Are Prosecutors Free from Blame in Roh's Death?

      May 25, 2009 12:44

      Delays in the bribery investigation by prosecutors and their decisions are blamed for playing a role in former president Roh Moo-hyun's suicide. Prosecutors began their investigation on April 7 with the arrest of Chung Sang-moon, the former presidential secretary for general affairs. They stalled for time, sending a list of questions to Roh, and it was not until April 30, 23 days later, that they finally summoned Roh for questioning. After prosecutors questioned Roh and until he committed suicide, 23 days had passed while no decision was made on whether or not to arrest him. From Roh's point of view, almost 50 days passed while his nerves were on edge over the direction of the investigation and how he would be handled by law enforcement officials as the probe deepened. This must have put tremendous psychological pressure on him.

      The rights of defendants can be harmed by delaying stressful investigations. Prosecutors say they briefed the prosecutor general on May 4. But they had not even decided on whether to seek an arrest warrant. If Roh had been indicted without arrest, he would have been able to focus on his court battle, and if a decision had been made early on to arrest him, then he president would have at least been prevented from acting impulsively. Prosecutors say they need time to verify the charges, but they seem to have worried about public consensus rather than focusing on principles.

      And as the investigation got delayed, more charges were constantly leaked, including suspicions over the funding of the purchase of a lavish apartment in New York by Roh's daughter and the receipt of wristwatches costing W200 million (US$1=W1,247) by Roh and his wife. Such information harms the pride and dignity of the defendant.

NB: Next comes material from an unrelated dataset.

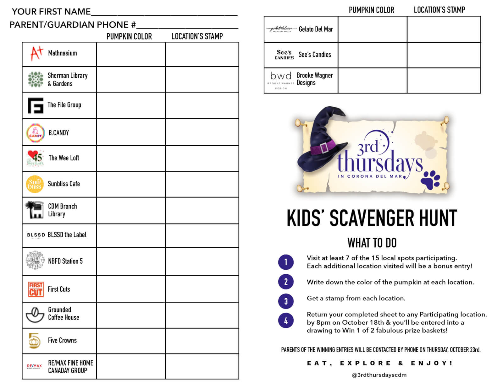 - Participating Businesses: BLSSD, CdM Branch Library, Mathnasium, First Cuts, Wee Loft, NBFD Station 5, Sherman Gardens, Sunbliss, Gelato del Mar, File Group, Grounded Coffee, B. Candy, Five Crowns

      Prosecutors must feel humiliated when they are accused of failing to do their jobs properly each time a presidential bribery scandal surfaces after a leader's tenure has ended. We cannot therefore simply blame them for being overly zealous. But they must look back and make sure nothing was done excessively or there was anything they should have done differently. That review should not be limited to the investigation involving Roh but touch on the rights of tens of thousands of defendants who are investigated each year.